Leetcode-094 – Intermediate order traversal of a binary tree

Intermediate order traversal of a binary tree

Given the root node of a binary tree, return its middle order traversal.

See the LeetCode website for an example.

Source: LeetCode Link: https://leetcode-cn.com/probl… Copyright belongs to collar network.

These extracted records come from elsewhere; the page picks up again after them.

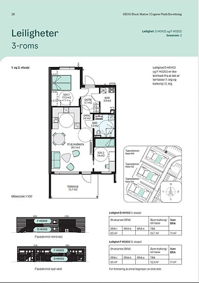 Leilighet i 2. etasje med 2 soverom og solrik balkong på 12 m2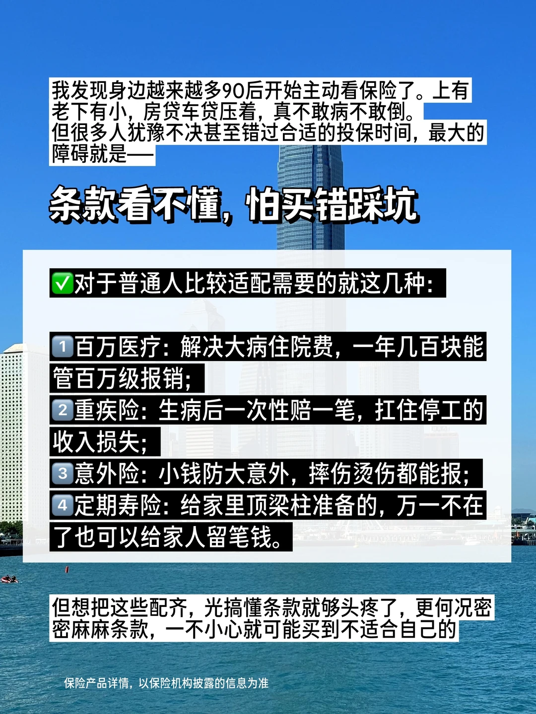 我发现身边越来越多90后开始主动看保险了。上有老下有小,房贷车贷压着,真不敢病不敢倒。但很多人犹豫不决,最大的障碍就是——条款看不懂,怕买错。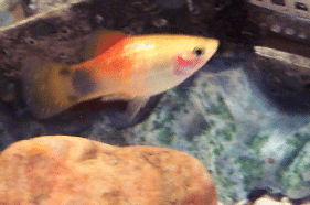 Decided to post pictures of my platies, so here you all are. Some of them are blurry, sorry. Here's my male red wag platy. I thought he was a female at first but he turned out to be male.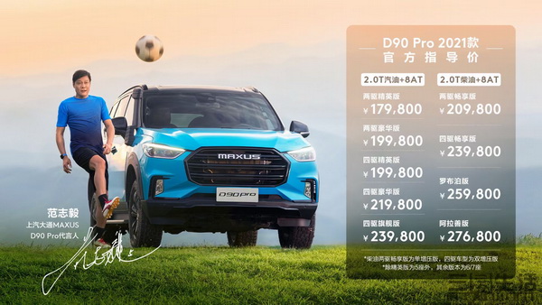 昨日晚间,2021款上汽大通MAXUS D90 Pro正式上市,共推出搭载2.0T汽油和2.0T柴油动力的共9款车型,官方指导价格区间为17.98-27.68万元。

Commercial reprint please contact the official authorization, non-commercial reprint please indicate the source.

Solution 1: Recursion

Initialize a result set result, then recursively process it in the following order:

• Firstly, the processing result of root node’s left subtree is placed in result.
• Then place the root node’s value in result;
• Finally, put the processing result of the right subtree of root node into result;
• When root is empty, an empty result is returned.

Finally, the result set Result is returned, that is, the middle-order traversal result of the tree.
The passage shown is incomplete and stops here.